Simple Way to Get Filesize in X86 Assembly Language

File size in assembly

A simple code to display hexa-formatted length of DOS file (file name is hardcoded in source, edit it to existing file):

.model small
.stack 100h

.data

fname DB "somefile.ext", 0
buffer DB 100 dup (?), '$'

.code

start:
; set up "ds" to point to data segment
mov ax,@data
mov ds,ax
; open file first, to get "file handle"
mov ax,3D00h ; ah = 3Dh (open file), al = 0 (read only mode)
lea dx,[fname] ; ds:dx = pointer to zero terminated file name string
int 21h ; call DOS service
jc fileError
; ax = file handle (16b number)

; now set the DOS internal "file pointer" to the end of opened file
mov bx,ax ; store "file handle" into bx
mov ax,4202h ; ah = 42h, al = 2 (END + cx:dx offset)
xor cx,cx ; cx = 0
xor dx,dx ; dx = 0 (cx:dx = +0 offset)
int 21h ; will set the file pointer to end of file, returns dx:ax
jc fileError ; something went wrong, just exit
; here dx:ax contains length of file (32b number)

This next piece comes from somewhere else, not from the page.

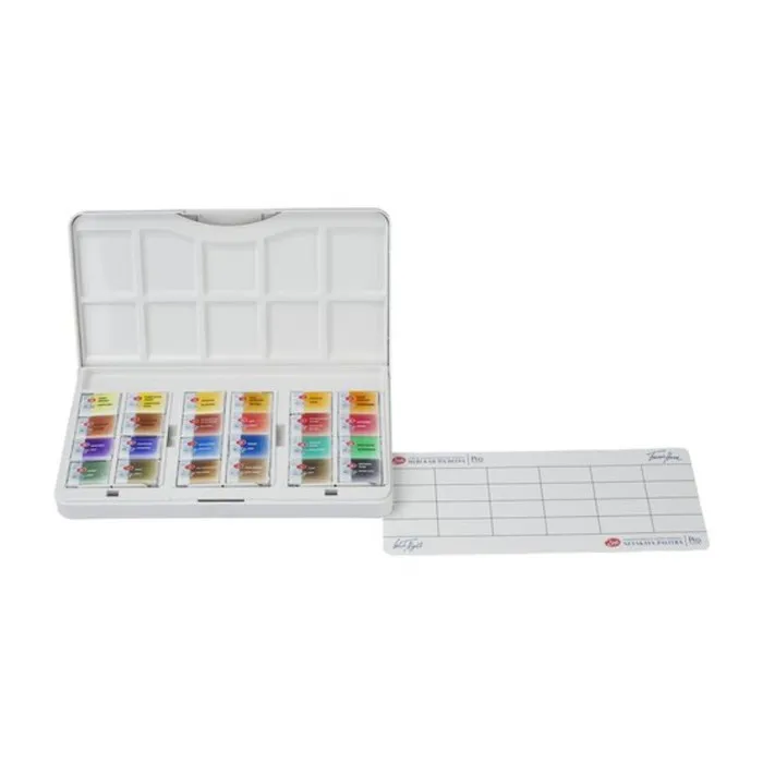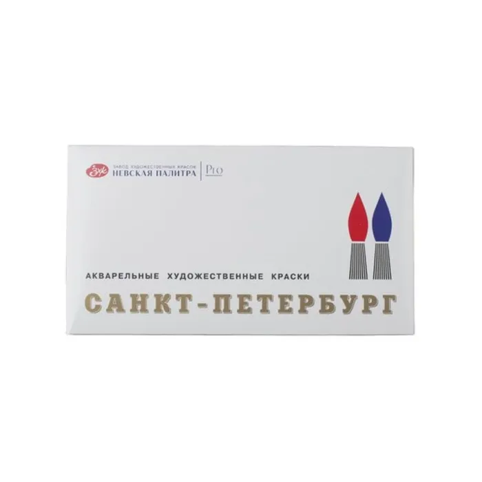 В состав классического набора "Санкт-Петербург" входят художественные акварельные краски "Белые ночи". Акварель профессиональной серии представляют собой тонкодисперсные суспензии пигментов и наполнителей в связующем, в состав которого входит водный раствор растительного клея – гуммиарабика. Все акварельные краски в палитре "Белые ночи" безопасны, сертифицированы и соответствуют стандартам ASTM D-4236. Высокая концентрация пигмента обеспечивают максимальную интенсивность цветового тона акварели. Насыщенность сохраняется даже при разбавлении большим количеством воды. Отличаются прозрачностью, что дает возможность художнику работать тонкими лессировками. Чистые цвета позволяют писать в смесях и получать богатое многообразие оттенков. Основная часть красок обладает высочайшим показателем светостойкости, что способствует сохранности работ свыше 100 лет. Все это обеспечивает их высокое качество и возможность использования в ответственных работах. Сбалансированная палитра набора "Белые ночи" состоит из 24 цветов, позволяющих решить множество творческих задач акварелиста. Набор представлен в пластиковом пенале со съемной палитрой. При необходимости в пустых нишах пенала можно разместить до 12 дополнительных цветов.

; close the file, as we will not need it any more
mov cx,ax ; store lower word of length into cx for the moment
mov ah,3Eh ; ah = 3E (close file), bx is still file handle
int 21h ; close the file
; ignoring any error during closing, so not testing CF here

; BTW, int 21h modifies only the registers specified in documentation
; that's why keeping length in dx:cx registers is enough, avoiding memory/stack

; display dx:cx file length in hexa formatting to screen
; (note: yes, I used dx:cx for storage, not cx:dx as offset for 42h service)
; (note2: hexa formatting, because it's much easier to implement than decimal)
lea di,[buffer] ; hexa number will be written to buffer
mov word ptr [di],('0' + 'x'*256) ; with C-like "0x" prefix
add di,2 ; "0x" written at start of buffer
mov ax,dx
call AxTo04Hex ; upper word converted to hexa string
mov ax,cx
call AxTo04Hex ; lower word converted to hexa string
mov byte ptr [di],'$' ; string terminator

; output final string to screen
mov ah,9
lea dx,[buffer]
int 21h

; exit to DOS with exit code 0 (OK)
mov ax,4C00h
int 21h

fileError:
mov ax,4C01h ; exit with code 1 (error happened)
int 21h

AxTo04Hex: ; subroutine to convert ax into four ASCII hexadecimal digits
; input: ax = 16b value to convert, ds:di = buffer to write characters into
; modifies: di += 4 (points beyond the converted four chars)
push cx ; save original cx to preserve it's value
mov cx,4
AxTo04Hex_singleDigitLoop:
rol ax,4 ; rotate whole ax content by 4 bits "up" (ABCD -> BCDA)
push ax
and al,0Fh ; keep only lowest nibble (4 bits) value (0-15)
add al,'0' ; convert it to ASCII: '0' to '9' and 6 following chars
cmp al,'9' ; if result is '0' to '9', just store it, otherwise fix
jbe AxTo04Hex_notLetter
add al,'A'-(10+'0') ; fix value 10+'0' into 10+'A'-10 (10-15 => 'A' to 'F')
AxTo04Hex_notLetter:
mov [di],al ; write ASCII hexa digit (0-F) to buffer
inc di
pop ax ; restore other bits of ax back for next loop
dec cx ; repeat for all four nibbles
jnz AxTo04Hex_singleDigitLoop
pop cx ; restore original cx value back
ret ; ax is actually back to it's input value here :)
end start

I tried to comment the code extensively, and to use "more straightforward" implementation of this stuff, avoiding some less common instructions, and keep the logic simple, so actually you should be able to comprehend how it works fully.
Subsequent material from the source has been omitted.